Unnamed: 0,date,county,state,fips,cases,deaths
724935,2020-11-12,Unknown,Puerto Rico,00000,2420,909
103556,2020-04-30,Unknown,Vermont,00000,3,0
103563,2020-04-30,Unknown,Virgin Islands,00000,0,4
592749,2020-10-02,Unknown,Wisconsin,00000,0,10
735607,2020-11-16,Unknown,Alaska,00000,199,0
...,...,...,...,...,...,...
190396,2020-05-29,St. Thomas,Virgin Islands,78030,38,0
537389,2020-09-15,St. Thomas,Virgin Islands,78030,744,12
514737,2020-09-08,St. Thomas,Virgin Islands,78030,712,11
670312,2020-10-26,St.

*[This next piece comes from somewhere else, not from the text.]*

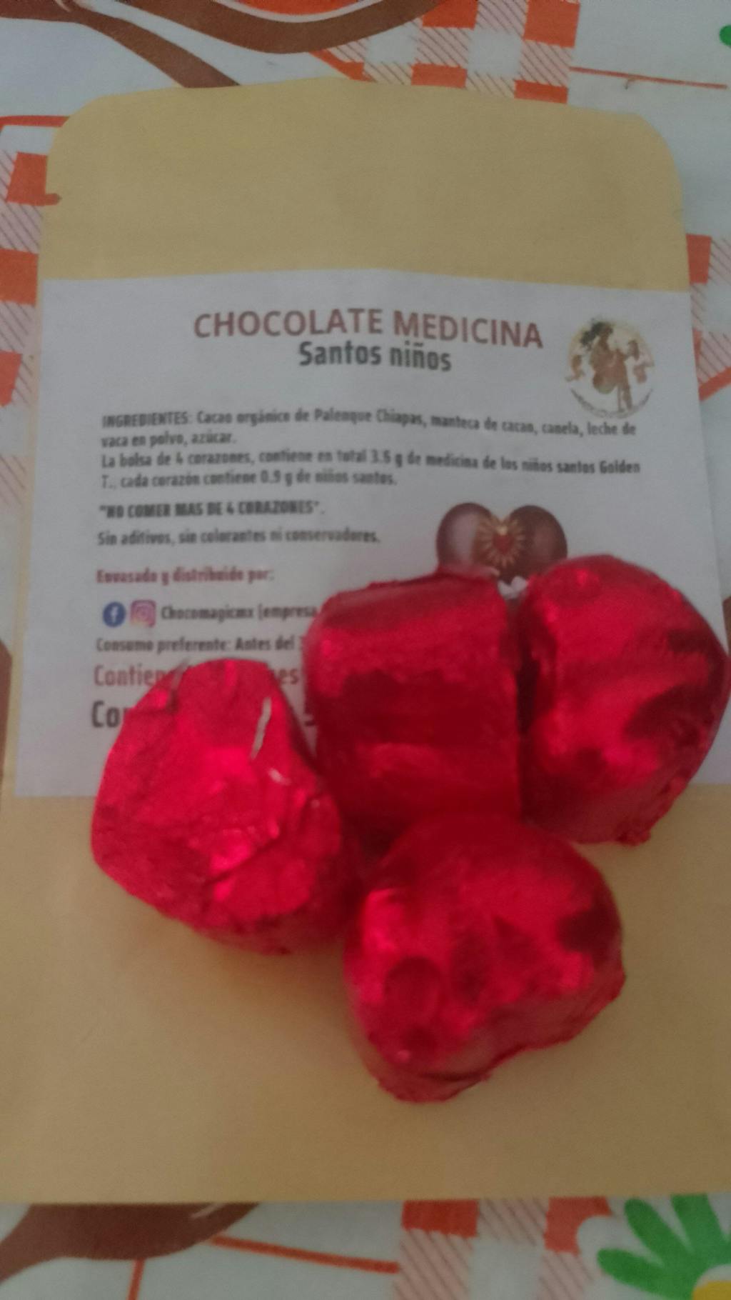 Cada corazón artesanal (13.3 g de chocolate) de venta individual contiene exactamente 1 gramo de Niños Santos albinos, garantizando una dosis precisa y respetuosa para tu viaje.

Thomas,Virgin Islands,78030,779,14


In [25]:
df_counties_original.dtypes

date      object
county    object
state     object
fips      object
cases      int32
deaths     int32
dtype: object

0.1 GeoJSON Data

In [None]:
# Read GeoJson data
old_counties_geojson_df = gpd.read_file(r"./counties_update_new.geojson")
old_counties_geojson_df.head(5)

0.2 Group Data to Counties

In [None]:
# Transform cases/deaths data table to pivot table using fips as main index
pivot_counties = pd.pivot_table(df_counties_original , index=['state','county','fips'],
                       columns=['date'])
pivot_counties = pivot_counties.replace(np.nan, 0)
pivot_counties

0.3 Get Date Info

In [None]:
# Get dates from data table
date= pivot_counties['cases'].columns
date

In [None]:
# Sort dates and get the start/end
date_str = np.sort(date)
dt_str_start=np.min(date_str)
dt_str_end=np.max(date_str)

In [None]:
# Format dates and create a list
start = datetime.strptime(dt_str_start, "%Y-%m-%d")
end = datetime.strptime(dt_str_end, "%Y-%m-%d")
dt_range = pd.date_range(start=start,end=end)
print(len(dt_range), dt_range)
dt_range_str = list(map(lambda x: x.strftime("%Y-%m-%d"), dt_range.tolist()))
print(len(dt_range_str), dt_range_str)

Step1:  
Add Cases Time Series, First Case Date, Death Time Series, First Death Date

In [None]:
# import json
# pivot_counties['cases_ts'] = json.dumps({"values": pivot_counties['cases'].values.tolist()[0]})
# pivot_counties['deaths_ts'] =  json.dumps({"values": pivot_counties['deaths'].values.tolist()[0]})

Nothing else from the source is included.